Frisell’s obsession with music led him to pick up the clarinet in grade school, and he played it up until college, which is around the time that he got his first guitar.
“The clarinet was more of a serious thing, where my parents wanted me to practice every day,” he said. “But the guitar was something I was really drawn to on my own, and I loved it. Fender guitars and rock ’n’ roll – it’s all parallel to my own history somehow.”
The guitar and the clarinet might seem like they’re in different ballparks, but Frisell said he still applies the techniques of a woodwind instrument to his playing style. “Having that experience of playing a wind instrument, and the way it connects to your breathing and your body … I know that’s had a huge impact on the way I play,” he said. “Later on, being inspired so much by other instruments, listening to saxophone players and trumpet players, it gives me a little more connection to what that feels like.”
More than 30 years later, Frisell is the one of the premiere instrumental jazz guitarists, although lumping all of his music into the “jazz” category is a bit simplistic. His music flirts with folk, country, ambient rock and even pop – his 1992 album “Have a Little Faith” features deconstructed arrangements of Bob Dylan’s “Just Like a Woman” and Madonna’s “Live to Tell.” It’s not easily classifiable.
Frisell’s recorded output has been steady since his 1983 debut “In Line,” and he’s released at least one album per year since the mid-’90s (that’s not counting live recordings and greatest hits compilations).

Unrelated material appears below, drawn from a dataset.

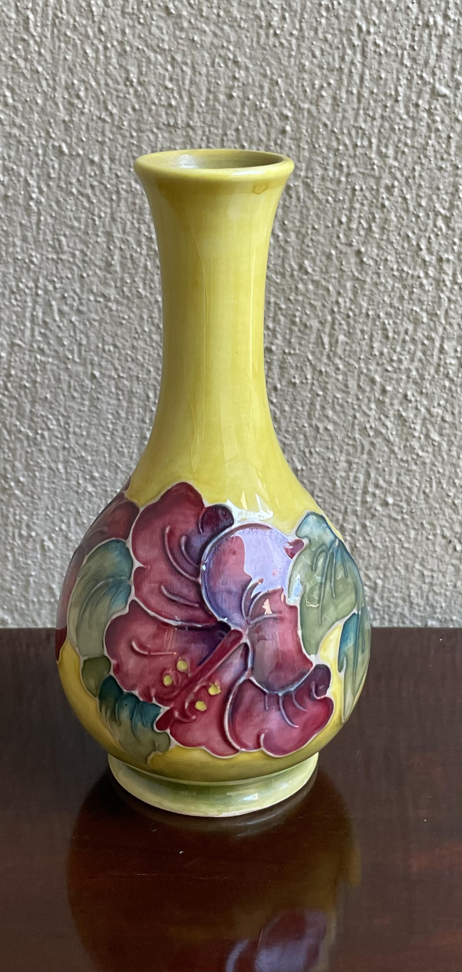 Moorcroft Hibiscus Posy Vase on Yellow Background

The energy in the recording studio is much different than it is onstage: There’s more time to work on a song over and over again until it clicks.

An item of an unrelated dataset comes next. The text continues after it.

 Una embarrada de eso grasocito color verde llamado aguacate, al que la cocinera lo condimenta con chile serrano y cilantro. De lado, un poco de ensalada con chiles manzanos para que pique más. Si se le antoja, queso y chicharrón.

“I’m not sure if that’s a luxury or a curse,” he said. “When you’re doing a record, it’s so intense. You’re listening with such detail and you’re obsessing over it at that moment. … After recording is done, in a way I think of it almost as a blueprint or a map of the possibilities of what can happen next.”
A song isn’t really complete once it’s written and recorded, and Frisell says it can take on a whole new life when he’s playing live and trying to find a different approach to a song that’s been committed to tape.

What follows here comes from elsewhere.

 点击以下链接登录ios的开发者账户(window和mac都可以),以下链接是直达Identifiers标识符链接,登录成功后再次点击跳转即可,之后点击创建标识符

“You’re trying to perfect it, but you’re also trying to discover something new in it,” he said. “Part of that is being able to not be afraid to make a mistake. But sometimes the greatest discoveries happen that way. … My hand goes to the wrong spot on the neck, and if I’m open and listening, maybe it’ll be terrible. But then also it could be, ‘Wow, I never thought of playing that in that moment,’ and it leads you to some good stuff.”